Nguyen Le, now graduated and working at the Pulsinelli law firm in St. Louis, promised to do so. Her astonishing list arrived the next day by email. In 2024, Nguyen Le had read:

1. The Historian by Elizabeth Kostova
2. Dream of the Red Chamber by Cao Xueqin
3. The Lake of Dead Languages by Carol Goodman
4. Colorless Tsukuru Tazaki and His Years of Pilgrimages by Haruki Murakami
5. In the Next Room, or the Vibrator Play by Sarah Ruhl
6. The Goldfinch by Donna Tartt
7. The Swan Thieves by Elizabeth Kostova
8. Killers of the Flower Moon: The Osage Murders and the Birth of the FBI by David Grann
9. If We Were Villains by M. L. Rio
10. The Bell Jar by Sylvia Plath
11. Rebecca by Daphne du Maurier
12. The Deep Sky by Yume Kitasei
13. The Secret History by Donna Tartt
14. Ascension by Nicholas Binge
15. Do Androids Dream of Electric Sheep? by Philip K. Dick
16. Before the Coffee Gets Cold by Toshikazu Kawaguchi
17. The Reason I Jump: the Inner Voice of a Thirteen-Year-Old Boy with Autism by Naoki Higashida
18. You Feel It Just Below the Ribs by Jeffrey Cranor
19. Breasts and Eggs by Mieko Kawakami
20. What You Are Looking For Is In the Library by Michiko Aoyama
21. The Remains of the Day by Kazuo Ishiguro
22. When Breath Becomes Air by Paul Kalanithi
23. The Ocean at the End of the Lane by Neil Gaiman
24. American Gods by Neil Gaiman
25. Tomorrow, and Tomorrow and Tomorrow by Gabrielle Zevin
26. Unnatural Creatures by Neil Gaiman
27. The Midnight Library by Matt Haig
28. Neverwhere by Neil Gaiman
29. The Sympathizer by Viet Thanh Nguyen
30. Stardust by Neil Gaiman
31. The Book of Goose by Yiyun Li
32. She and Her Cat: Stories by Makoto Shinkai
33. Howl’s Moving Castle by Diana Wynne Jones
34. Castle in the Air by Diana Wynne Jones
35. House of Many Ways by Diana Wynne Jones
36. How to Stop Time by Matt Haig
37. The Starless Sea by Erin Morgenstern
38. The Memory Police by Yōko Ogawa
39. Tales from the Cafe by Toshikazu Kawaguchi
40. The Refugees by Viet Thanh Nguyen
41. All the Lovers in the Night by Mieko Kawakami
42. Room by Emma Donoghue
43. American Psycho by Bret Easton Ellis
44. The Rule of Four by Ian Caldwell
45. Piranesi by Susanna Clarke
46. Mèo and Bé by DoanPhuong Nguyen
47. Daughter of No Worlds by Carissa Broadbent
48. Children of Fallen Gods by Carissa Broadbent
49. Mother of Death and Dawn by Carissa Broadbent
50. The Orchard by David Hopen
51. Inferno by Dante Alighieri
52. The Trial by Franz Kafka
53. Hell House by Richard Matheson
54. The Shadow Land by Elizabeth Kostova
55. Notes From Underground by Fyodor Dostoevsky,
56. Practical Magic by Alice Hoffman
57. Parable of the Sower by Octavia E. Butler

At the time she sent the list at the end of 2024, she was in the midst of reading four other books:

1. Jonathan Strange & Mr Norrell by Susanna Clarke
2. Purgatorio by Dante Alighieri
3. White Noise by Don DeLillo
4. I Capture the Castle by Dodie Smith

I immediately recognized a kindred spirit, and one from whom I had a lot to learn. Some of the books on her list I had read: The Trial, White Noise, The Remains of the Day, The Sympathizer, Notes from the Underground. But many I had not. And one thing I also noticed: like me, Nguyen read several books at once, and she did so while managing her demanding course requirements, working on a journal, and engaging with multiple student activities and groups.

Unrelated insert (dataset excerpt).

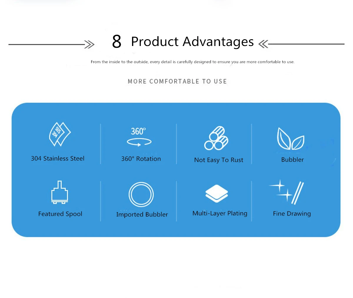 Особенность: 1. Роскошный верхний спрей, гладкий и чистый внешний вид, как Яркое Зеркало.2. Силиконовый отвод для воды, легко моется, не боится блокировки.3. Цельное литье, цельное литье, красивый и модный внешний вид.4. Универсальное соединение, которое подходит для большинства шлангов на рынке.5. 8 основных преимуществ продукта: нержавеющая сталь 304, вращение на 360 °, не ржавеет, барботер, выбранная сердцевина клапана, импортный барботер, многослойное гальваническое покрытие и мелкая проволока.

For this installment of the Dean’s Bibliophile Blog, I take my hat off to Nguyen Le. Thanks to her for highlighting new books for us to read, and for representing the best at WashU Law, where our amazing students create an atmosphere characterized by intellectual curiosity, engagement with ideas, and lifelong learning.